▶ **TASK GOAL**
Your copy should match the listing below word for word, with no images in it.

▶ **DATA BELOW**
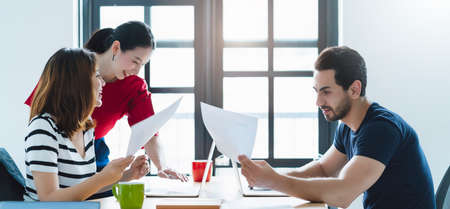 Latin people or office workers using computer and discuss about business project.Teamwork concept in Latin America
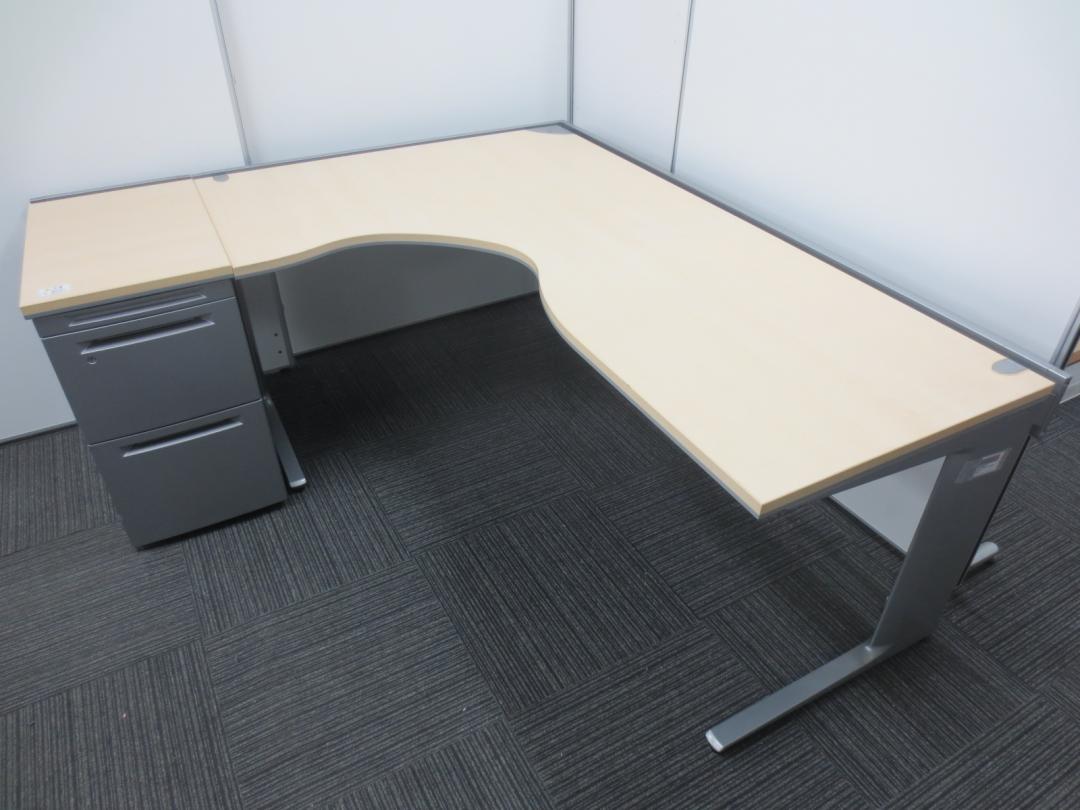 【L型デスク+3段脇机】【岡村製作所(okamura)】■シルバー&ナチュラル■W1800サイズ■時代の最先端をあなたのオフィスにも設置してみませんか??- 春日部・越谷店
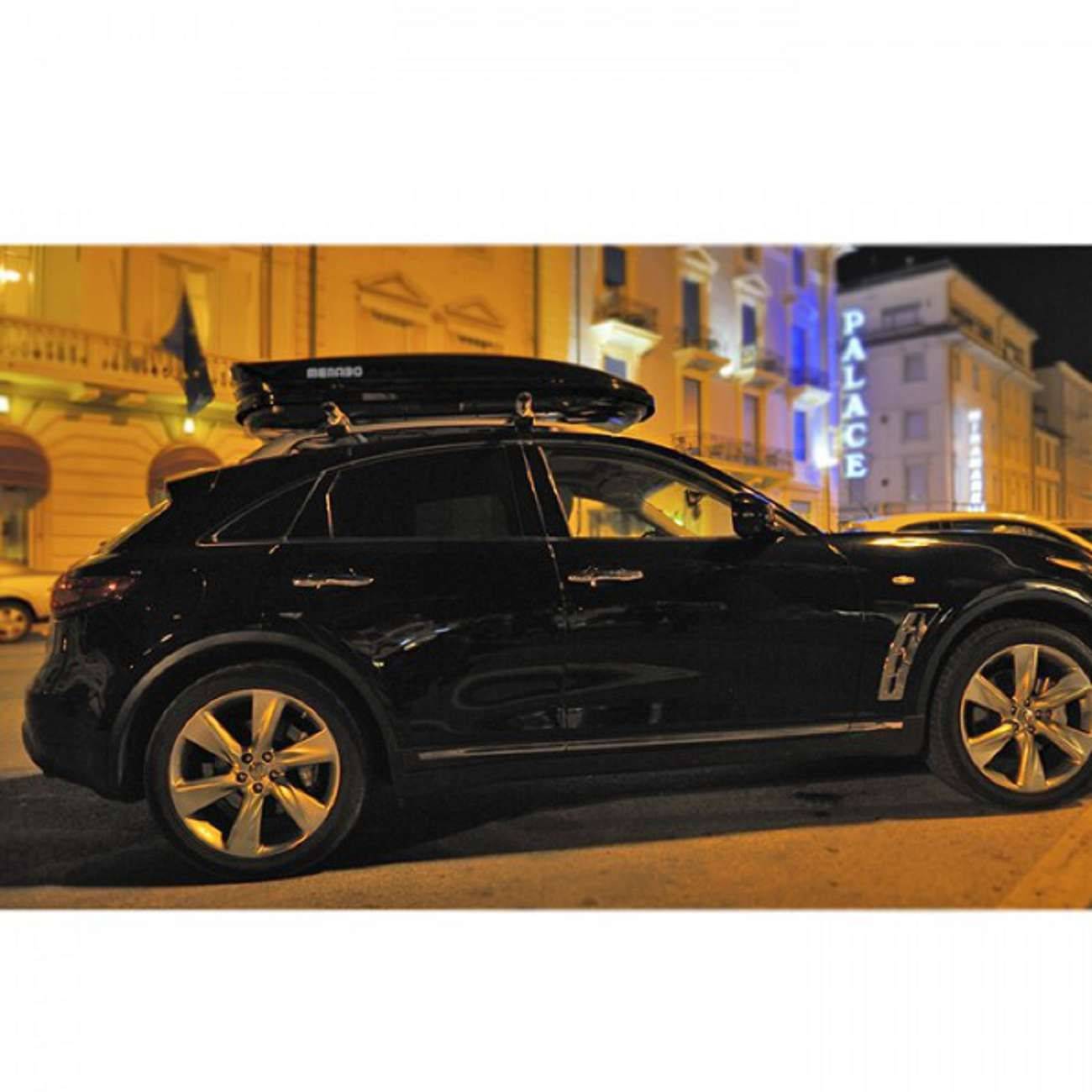 Μπαγκαζιέρα οροφής της σειράς MANIA από την εταιρία MENABO, 100% ιταλικής προέλευσης και κατασκευής από υψηλής ποιότητας πλαστικό σε μαύρο χρώμα με γυαλιστερή υφή και χωρητικότητα φορτίου 320 lt, ιδανική για τη δημιουργία επιπρόσθετου αποθηκευτικού χώρου κατά τη διάρκεια ταξιδίου ή και για μεταφορές εντός πόλης.

▶ **OUTPUT OF THE EXERCISE**
 Latin people or office workers using computer and discuss about business project.Teamwork concept in Latin America
 【L型デスク+3段脇机】【岡村製作所(okamura)】■シルバー&ナチュラル■W1800サイズ■時代の最先端をあなたのオフィスにも設置してみませんか??- 春日部・越谷店
 Μπαγκαζιέρα οροφής της σειράς MANIA από την εταιρία MENABO, 100% ιταλικής προέλευσης και κατασκευής από υψηλής ποιότητας πλαστικό σε μαύρο χρώμα με γυαλιστερή υφή και χωρητικότητα φορτίου 320 lt, ιδανική για τη δημιουργία επιπρόσθετου αποθηκευτικού χώρου κατά τη διάρκεια ταξιδίου ή και για μεταφορές εντός πόλης.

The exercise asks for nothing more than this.